WHAT YOU WILL DO:
For this exercise, copy exactly only the lines from the one containing "The motorhome has" to the final line of the material below, without the pictures.

(ENTRIES SHOWN Opens)

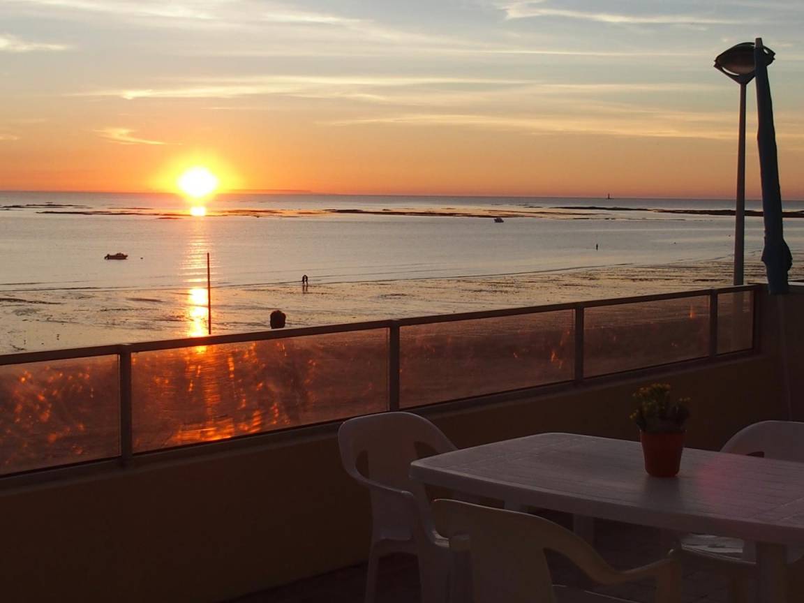 „Si l’accueil du samedi par « la Conciergerie » fut succinct, nous n’avons qu’à nous féliciter de celui, le lendemain matin, du propriétaire. A savoir: Petites viennoiseries offertes (délicatesse renouvelée la semaine suivante); conseils sur les promenades pouvant nous intéresser; mise à jour, à notre attention, du livret d’accueil; intervention quasi-immédiate pour satisfaire l’une de nos petites demandes concernant la salle de bains; informations sur l’utilisation des téléphones portables et de la wi-fi; prêt d’un ouvrage sur l’histoire de la ville; etc. L’appartement est confortable, la vue de la terrasse (qui est grande) sur la mer est imprenable et se magnifie à chaque coucher de soleil (à contempler tout en lisant le poème de Verlaine annexé dans le livret d’accueil !), de nombreux livres intéressants sont proposés, …. Aucun problème d’approvisionnement, boutiques traditionnelles, supermarché, marché deux fois par semaine dans un proche environnement...Ancun problème de stationnement pour notre véhicule sur le parking "privé" dédié.“
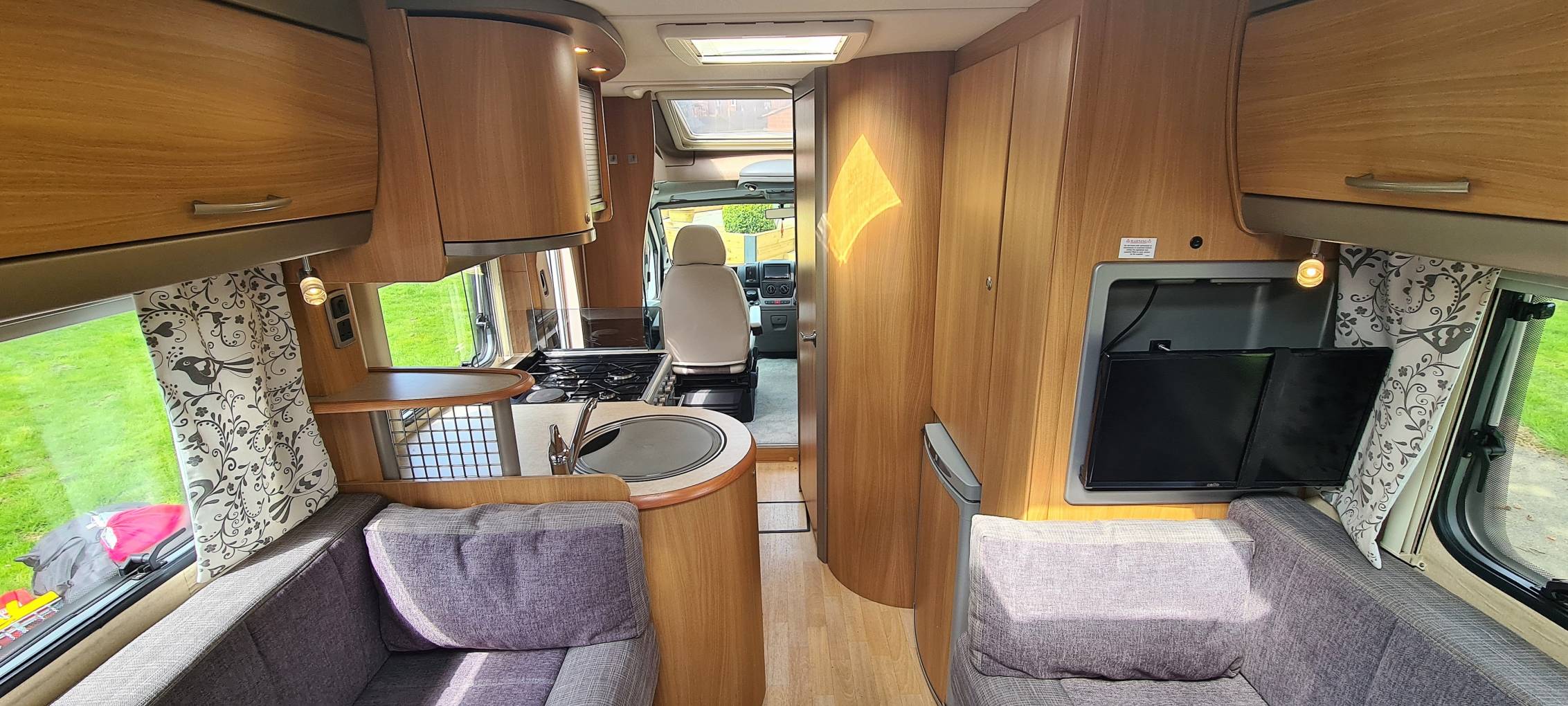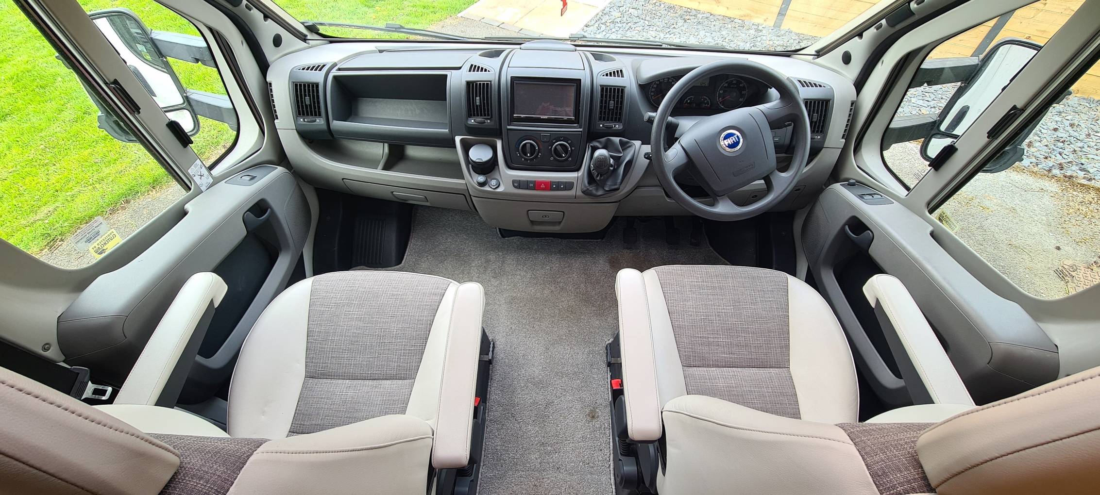 The motorhome has twin swivelling captains seats to the cab
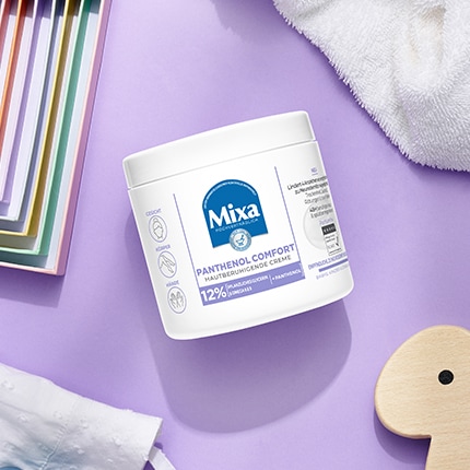 Mit 12 % pflanzlichem Glycerin, Omega 6 und 9 sowie Panthenol ist die Panthenol Comfort Hautberuhigende Creme von Mixa eigens auf die Bedürfnisse sensibler Haut abgestimmt. Panthenol beruhigt, wirkt entzündungshemmend und stärkt die natürliche Hautschutzbarriere. Glycerin versorgt die Haut mit Feuchtigkeit und wirkt dadurch Trockenheit und Schuppenbildung entgegen. Die Omega-Fettsäuren schützen vor Umwelteinflüssen und verbessern die Elastizität. Durch die parfümfreie, vom European Centre for Allergy Research Foundation (ECARF) zertifizierte Rezeptur lässt sich die Creme auch auf zu Allergien neigender Haut anwenden. Dermatologische Tests bestätigen dem Produkt außerdem eine sehr gute Verträglichkeit. Tragen Sie die Hautpflege nach der Reinigung oder zwischendurch nach Bedarf auf Gesicht, Hände oder Körper auf und massieren Sie die Creme mit sanft kreisenden Bewegungen ein.Anwendung
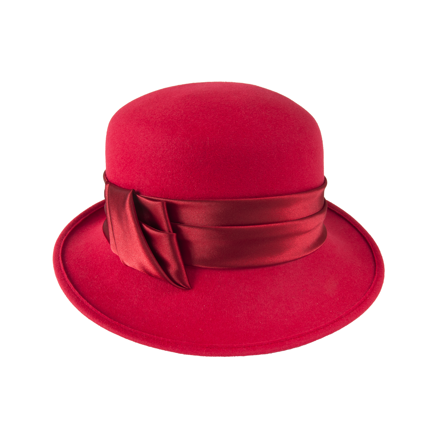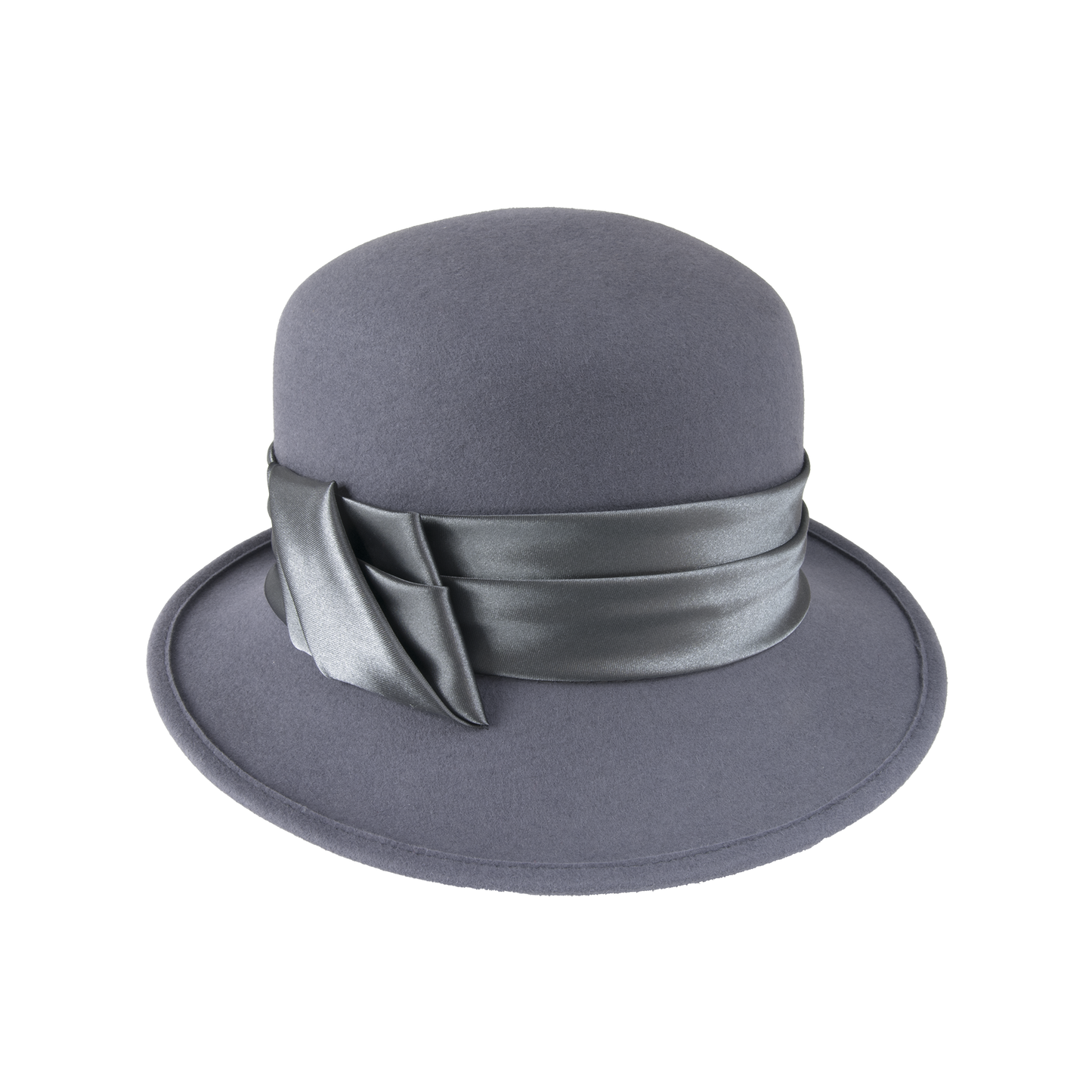 Ladies felt hat with the stretch sweatband. The hat is trimmed with satin ribbon.
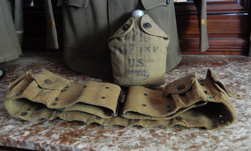 Below: Canteen and Mills belt from 1LT Philbrick. The canteen cover is well marked C. 167 INF US
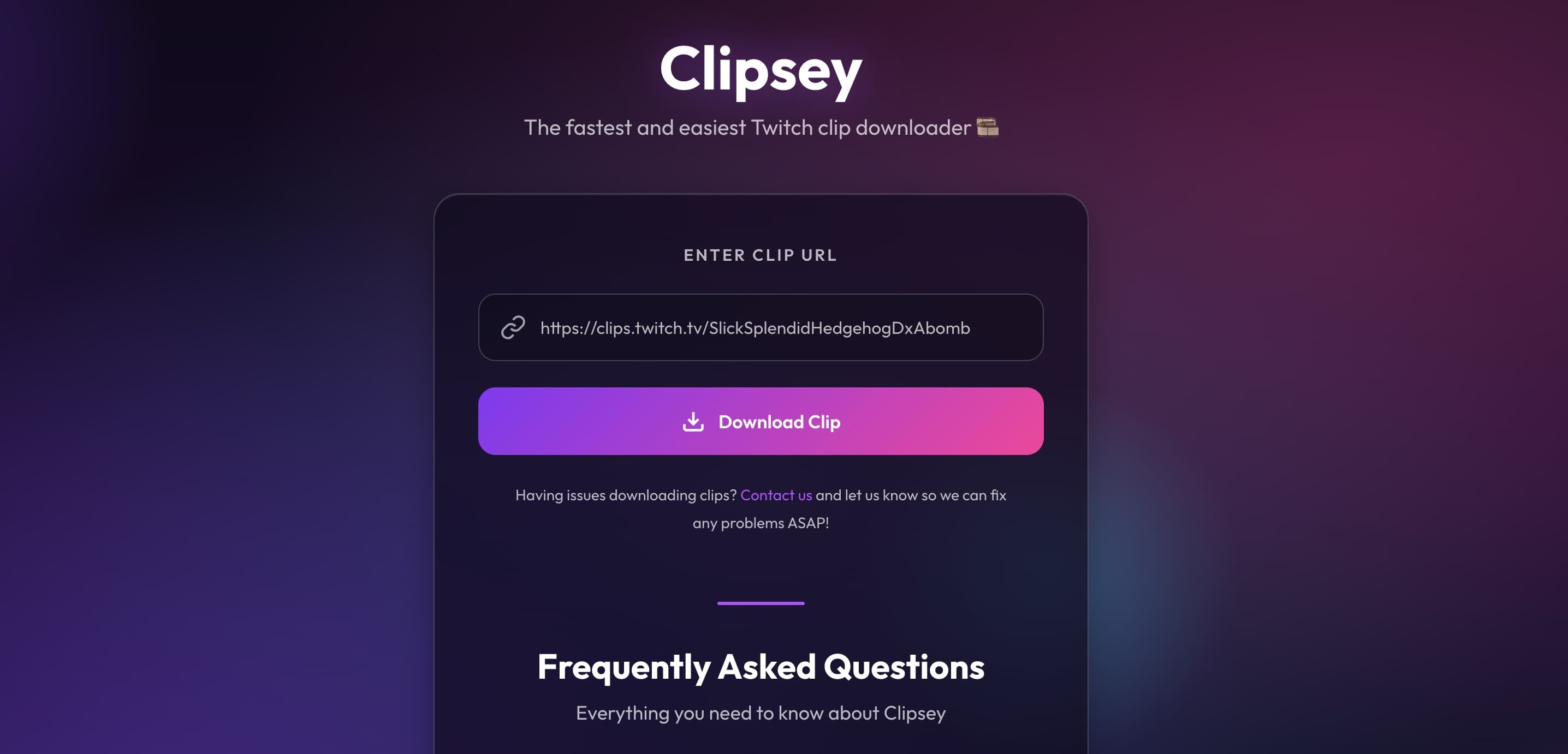 Twitch clip downloader web app, 7,000+ DAUs. Back-end serverless API using Ruby on Jets, AWS Lambda, API Gateway & S3, with front-end static site using vanilla JS, HTML, CSS.
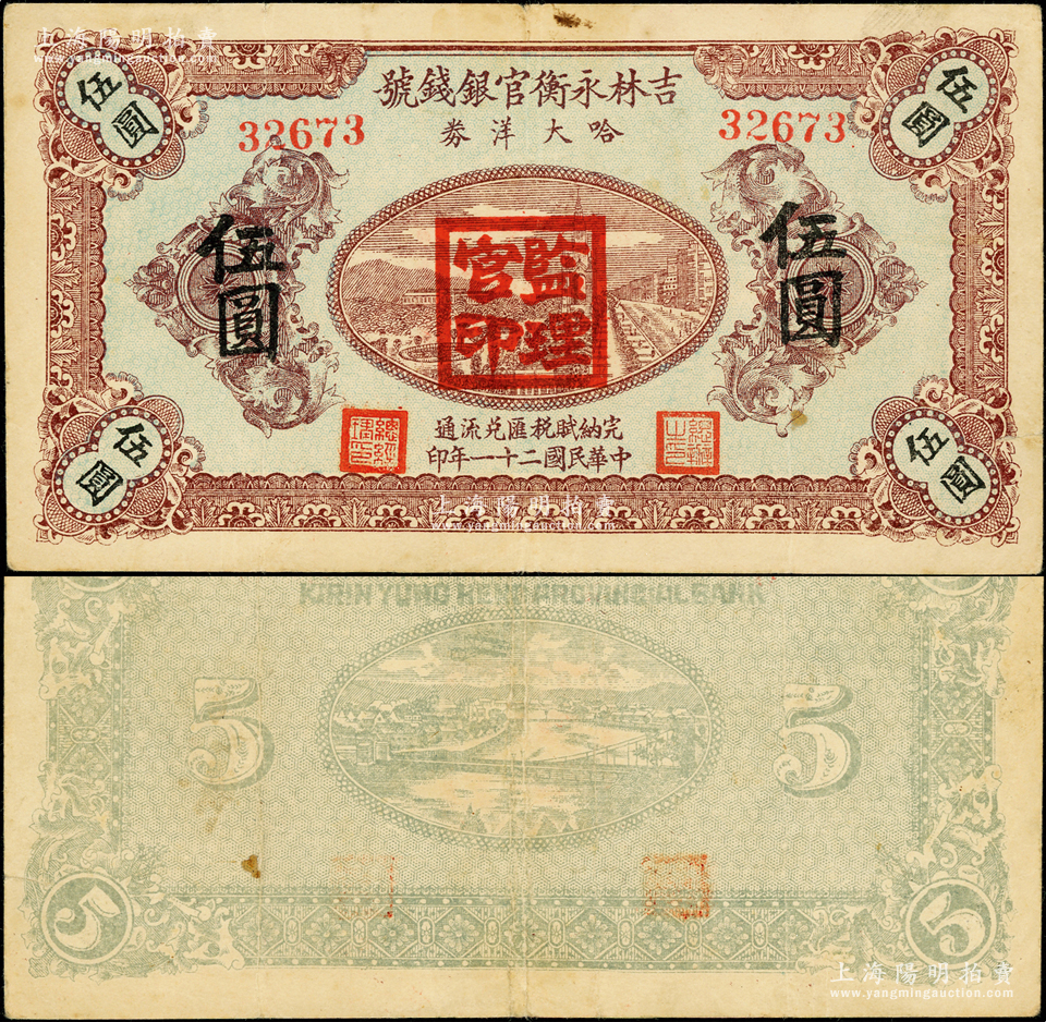 民国二十一年(1932年)吉林永衡官银钱号哈大洋券伍圆,盖有“监理官印”,乃属东北义勇军李杜所发行,少见,八成新

(ENTRIES SHOWN Closes)

SOLUTION TO THE PROBLEM:
 The motorhome has twin swivelling captains seats to the cab
 Mit 12 % pflanzlichem Glycerin, Omega 6 und 9 sowie Panthenol ist die Panthenol Comfort Hautberuhigende Creme von Mixa eigens auf die Bedürfnisse sensibler Haut abgestimmt. Panthenol beruhigt, wirkt entzündungshemmend und stärkt die natürliche Hautschutzbarriere. Glycerin versorgt die Haut mit Feuchtigkeit und wirkt dadurch Trockenheit und Schuppenbildung entgegen. Die Omega-Fettsäuren schützen vor Umwelteinflüssen und verbessern die Elastizität. Durch die parfümfreie, vom European Centre for Allergy Research Foundation (ECARF) zertifizierte Rezeptur lässt sich die Creme auch auf zu Allergien neigender Haut anwenden. Dermatologische Tests bestätigen dem Produkt außerdem eine sehr gute Verträglichkeit. Tragen Sie die Hautpflege nach der Reinigung oder zwischendurch nach Bedarf auf Gesicht, Hände oder Körper auf und massieren Sie die Creme mit sanft kreisenden Bewegungen ein.Anwendung
 Ladies felt hat with the stretch sweatband. The hat is trimmed with satin ribbon.
 Below: Canteen and Mills belt from 1LT Philbrick. The canteen cover is well marked C. 167 INF US
 Twitch clip downloader web app, 7,000+ DAUs. Back-end serverless API using Ruby on Jets, AWS Lambda, API Gateway & S3, with front-end static site using vanilla JS, HTML, CSS.
 民国二十一年(1932年)吉林永衡官银钱号哈大洋券伍圆,盖有“监理官印”,乃属东北义勇军李杜所发行,少见,八成新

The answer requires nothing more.